Dumitrescu, Cristian cristian.dumitrescu at intel.com
Fri May 30 00:28:16 CEST 2014


Hi Ivan,

I hate to disagree with you :), but no, we do not break the scatter-gather feature. We actually implemented the Packet Framework IPv4 fragmentation and reassembly ports to validate exactly this.

Maybe the confusion comes from the RTE_MBUF_TO_BADDR macro.
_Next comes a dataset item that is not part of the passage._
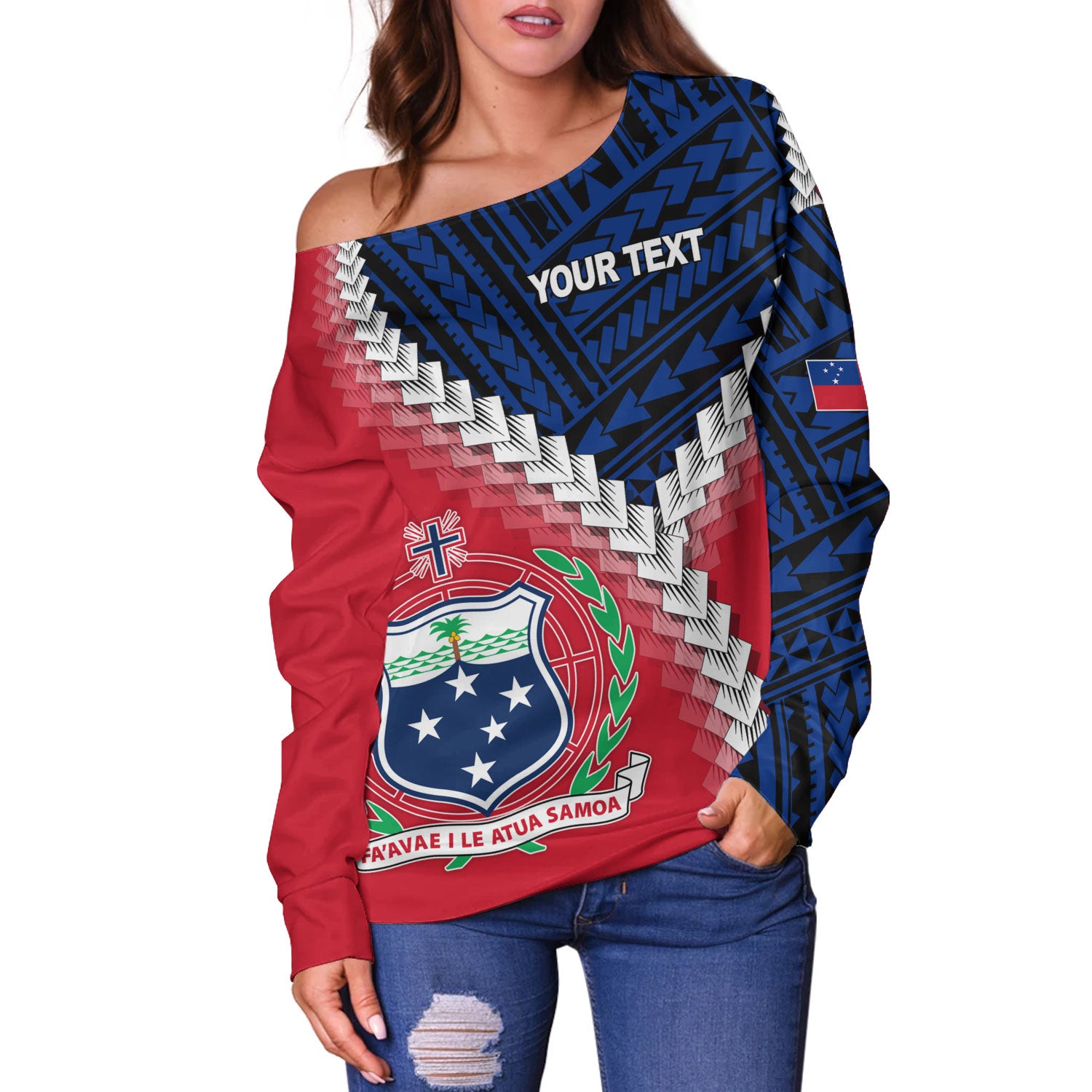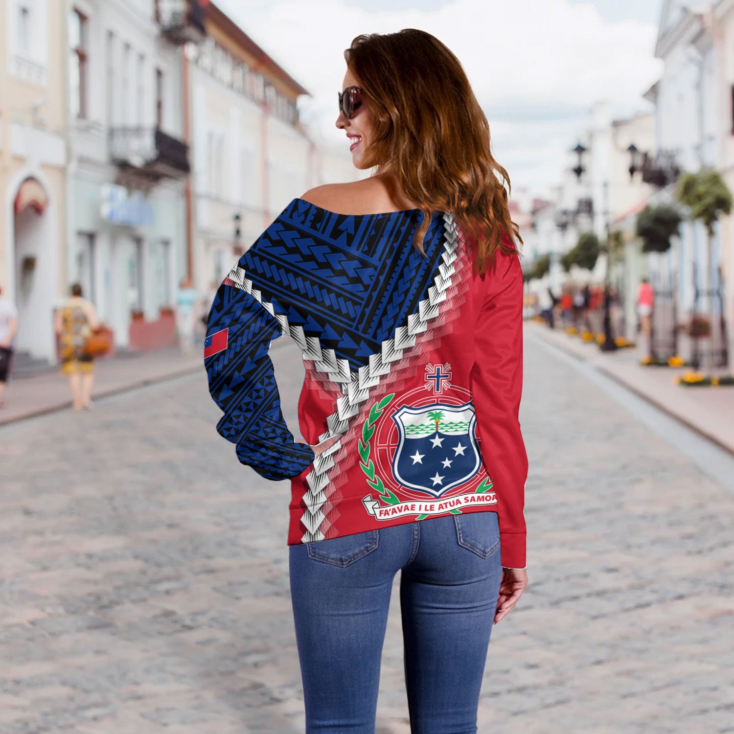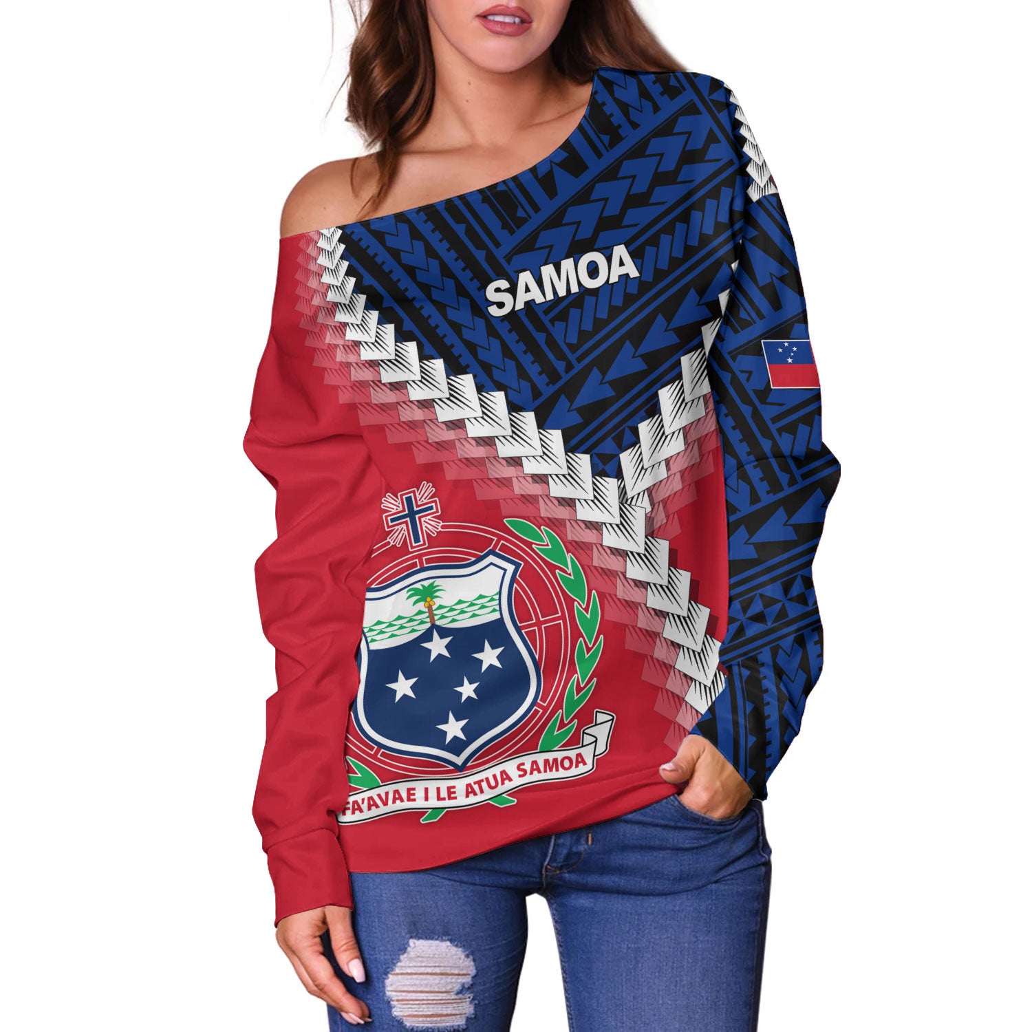 Samoa Off Shoulder Sweatshirt Samoa Coat Of Arms With Polynesian Tattoo Flag Style

This macro only works (and it is only used) for direct mbufs, so probably the correct name for this macro should be RTE_MBUF_DIRECT_TO_BADDR, as it cannot work (and it is not used) for indirect mbufs.

I am describing the rationale behind meta-data design below, sorry for the long description that looks like a design document ...

Quick recap:
- mbuf->buf_addr points to the first address where a byte of data for the current segment _can_ be placed
- direct mbuf: the packet descriptor (mbuf) sits in the same mempool buffer with the packet itself, so mbuf->buf_addr = mbuf + 1;
- indirect mbuf: the packet descriptor is located in a different mempool buffer than the packet itself, so mbuf->buf_addr != mbuf + 1;
- Regardless of the mbuf type, it is not necessarily true that the first byte of data is located at mbuf->buf_addr, as we save a headroom (configurable, by default initially of CONFIG_RTE_PKTMBUF_HEADROOM = 128 bytes) at the start of the data buffer (mbuf->buf_addr) for prepending packet headers ( ... or, why not, meta-data!).  The location of the first real data byte is mbuf->pkt.data, which is variable, as opposed to mbuf->buf_addr, which does not change.

Packet meta-data rationale:
- I think we both agree that we need to be able to store packet meta-data in the packet buffer. The packet buffer regions where meta-data could be stored can only be the in the headroom or in the tailroom, which are both managed by the application and both go up and down during the packet lifetime.

- To me, packet-metadata is part of the packet descriptor: mbuf is the mandatory & standard part of the packet descriptor, while meta-data is the optional & non-standard (per application) part of the packet descriptor. Therefore, it makes sense to put the meta-data immediately after mbuf, but this is not mandatory.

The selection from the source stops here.